Fireworks, Food and Swim Safety

LITTLE ROCK — With the Fourth of July approaching, now is a good time to learn about firework, food, and swim safety.

Fireworks-related injuries are most common on the Fourth of July. Improper use of fireworks can lead to death and injury, including burns, cuts, and foreign objects in the eye. To prevent injury, keep these safety tips in mind:
Read all labels and instructions before igniting.
A responsible adult should supervise all firework activities.
Use fireworks outdoors in a clear area, away from buildings and vehicles.
Dispose of spent fireworks by wetting them down and placing them in a metal trash can away from any building or flammable materials.
Never give fireworks to children.
Never shoot fireworks of any kind near pets.
Obey all local laws regarding the use of fireworks.

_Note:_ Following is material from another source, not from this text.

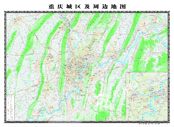 此外,新版《重庆城区及周边地图》对重庆主城区及周边最具特色的平行岭谷(包括主城四山)和长江、嘉陵江等都进行了突出表现,对各种规划及在建的铁路、高速公路等交通设施进行了呈现。并针对企事业单位和政府机关等重要地理信息密集的主城核心区域,单独划出进行放大和内容完善,在大图右下开窗以附图的形式进行表示,使图的实用性进一步完善。

Due to a variety of factors, including warmer temperatures, foodborne illness increases in summer. When handling food during the holiday, stay healthy and safe by using these tips:
Use an insulated cooler filled with ice or frozen gel packs when bringing food to a picnic or cookout.
A full cooler will maintain its cold temperature longer than a partially filled one.
Avoid opening a cooler repeatedly so that your food stays colder longer.
In hot weather (above 90 °F), food should never sit out for more than one hour.
Serve cold food in small portions, and keep the rest in the cooler.
After cooking meat and poultry on the grill, keep it hot until served – at 140 °F or warmer.
Keep hot food hot by setting it to the side of the grill rack, not directly over the coals where they could overcook.

Lastly, every day in the United States, about ten people die from unintentional drowning. Two of these ten are children aged 14 or younger. Keep these tips in mind, so you and your loved ones can swim safely:
Take part in formal swimming lessons to reduce the risk of drowning among children aged 1 to 4 years old.
Designate a responsible adult to watch young children while swimming or playing in or around water.
Because drowning occurs quickly and quietly, adults should not be involved in any other distracting activity (such as reading, playing cards, talking on the phone, or mowing the lawn) while supervising children, even if lifeguards are present.
Don’t use air-filled or foam toys, such as "water wings", "noodles", or inner-tubes instead of life jackets. These toys are not life jackets and are not designed to keep swimmers safe.
Avoid drinking alcohol before or during swimming, boating, or water skiing.